Aprocitentan

The development of Aprocitentan can be traced back to Bosentan, a dual ETA and ETB receptor antagonist developed by Roche, and the drug specification produced by Lucius is 12.5mg/30 tablets.

Aprocitentan is an oral small molecule that targets dual endothelin A/B receptor (ETA/ETB) antagonists, effectively inhibiting the binding of ET-1 to ETA and ETB.

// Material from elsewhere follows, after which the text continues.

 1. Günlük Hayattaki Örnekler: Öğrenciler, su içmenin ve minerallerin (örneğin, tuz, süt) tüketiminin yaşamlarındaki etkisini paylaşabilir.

Aprocitentan is an oral dual endothelin A/B receptor (ETA/ETB) antagonist. This antagonistic effect can block adverse reactions such as vascular constriction, myocardial hypertrophy, vascular smooth muscle cell proliferation, and fibrosis mediated by ET-1, thereby reducing blood pressure and improving cardiovascular function.

1.Main components

Aprocitentan

2.Adapt to the population

Aprocitentan combined with other antihypertensive drugs for the treatment of hypertension.

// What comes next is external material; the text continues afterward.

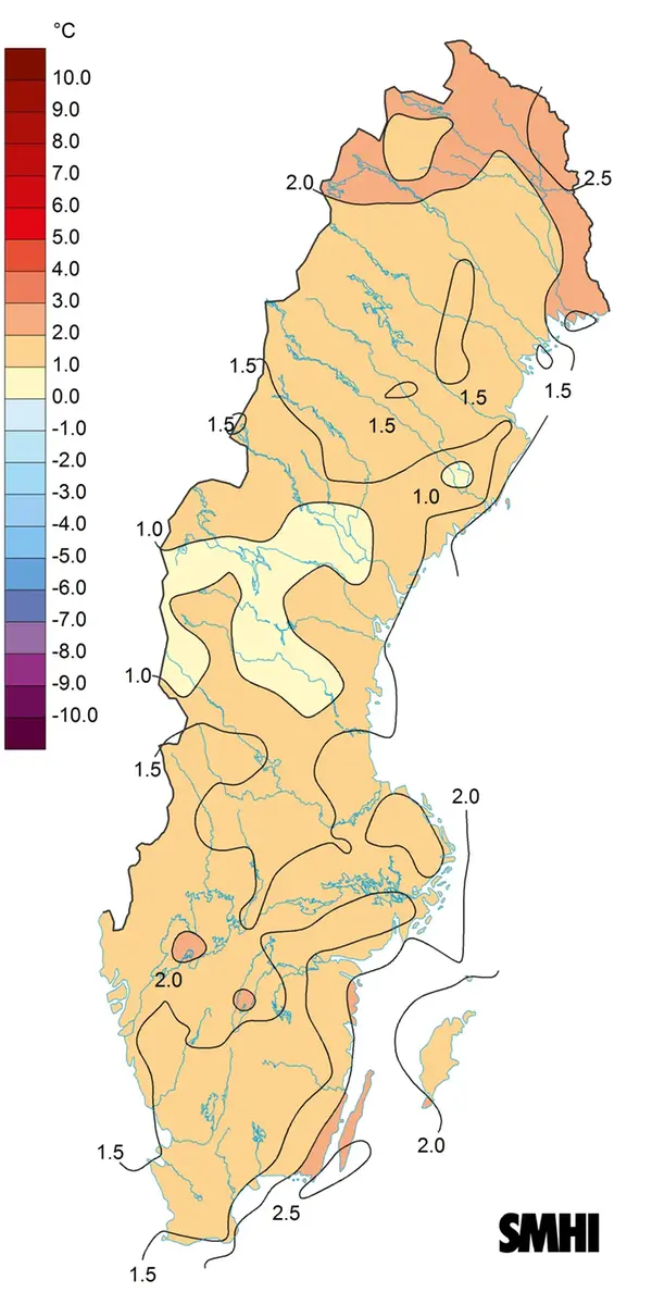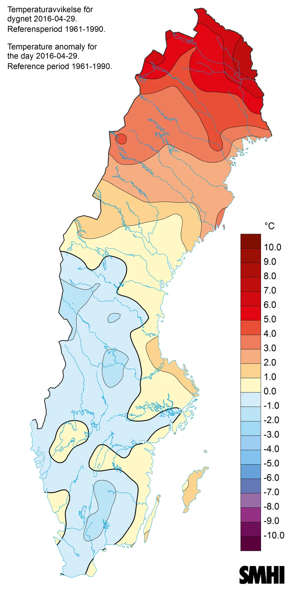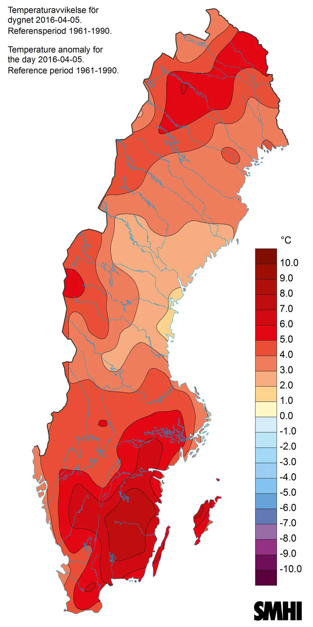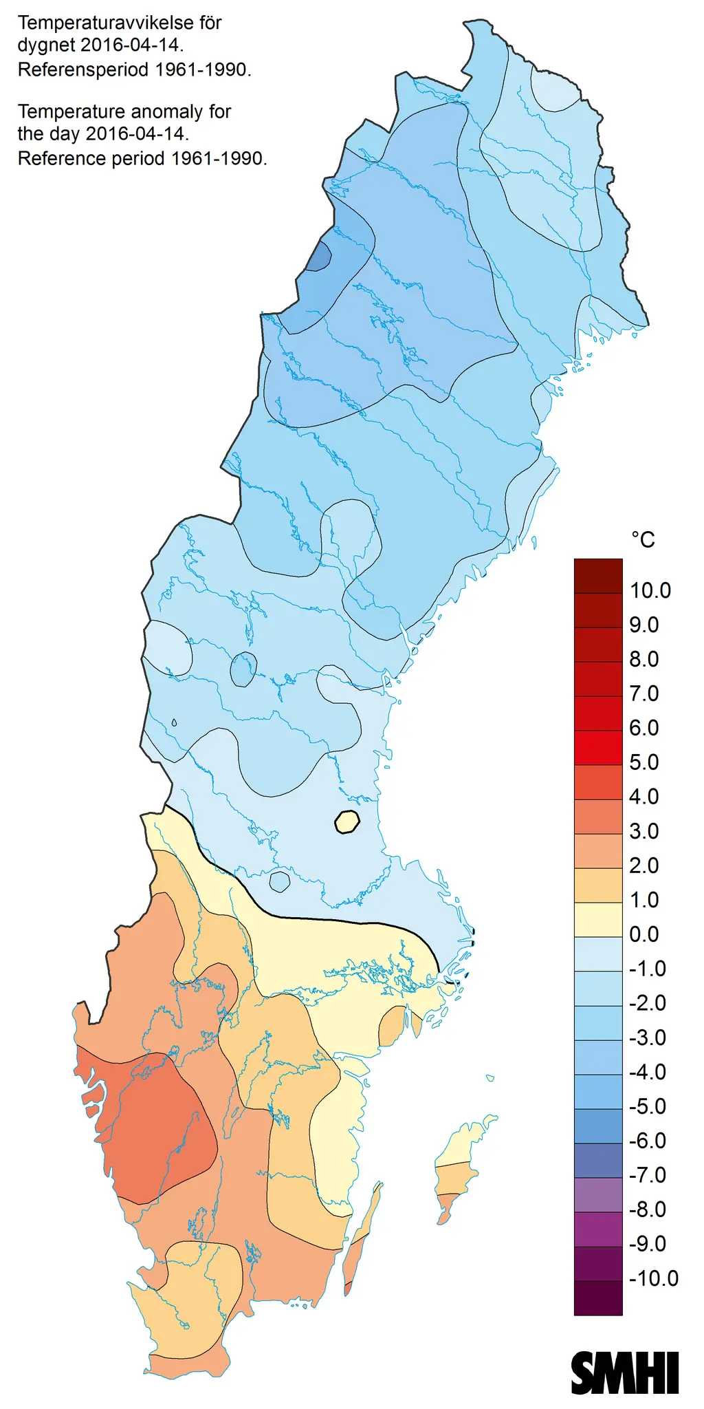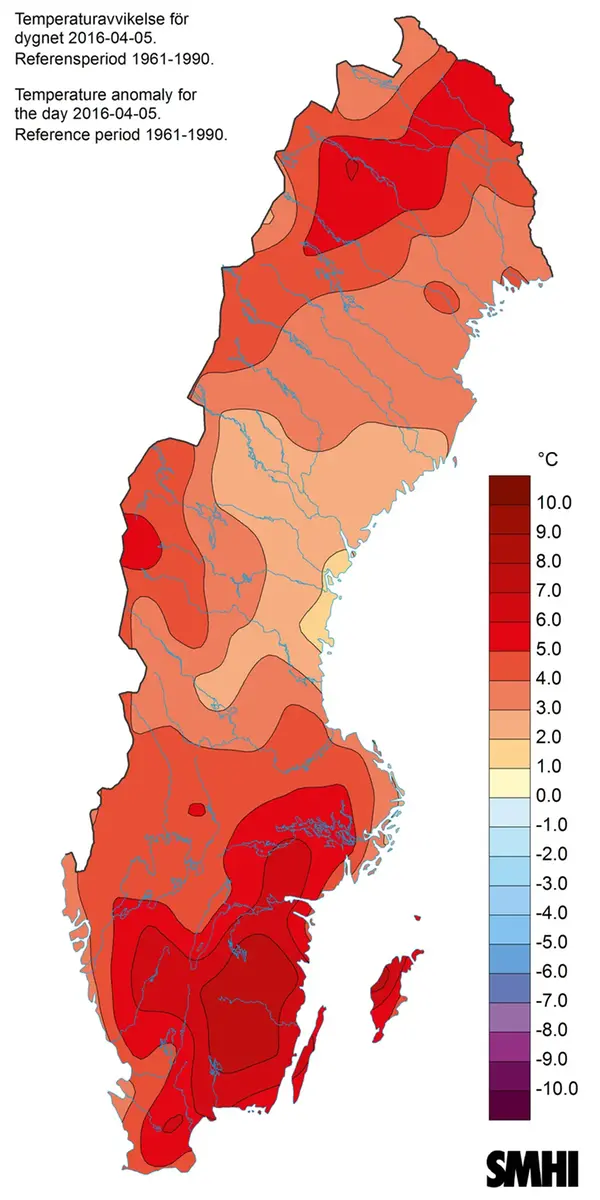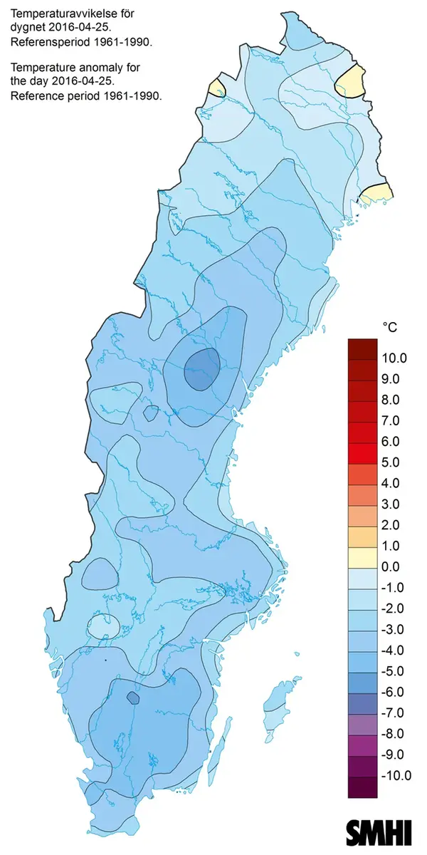 Trots den rätt kyliga avslutningen blev april som helhet 1 till 2 grader varmare än normalt (1961-1990).

3.Medication for special populations

3.1Pregnancy

Available data from reports  of pregnancy in clinical trials with Aprocitentan are insufficient to rule out a drug-associated  risk of major birth defects, miscarriage or other adverse maternal or fetal outcomes.  Advise pregnant patients of the potential risk to a fetus.

3.2Lactation

There are no data on the presence of aprocitentan in human milk, the effects on the  breastfed infant, or the effect on milk production. Because of the potential for serious adverse reactions  in breastfed infants, advise women not to breastfeed during treatment with Aprocitentan.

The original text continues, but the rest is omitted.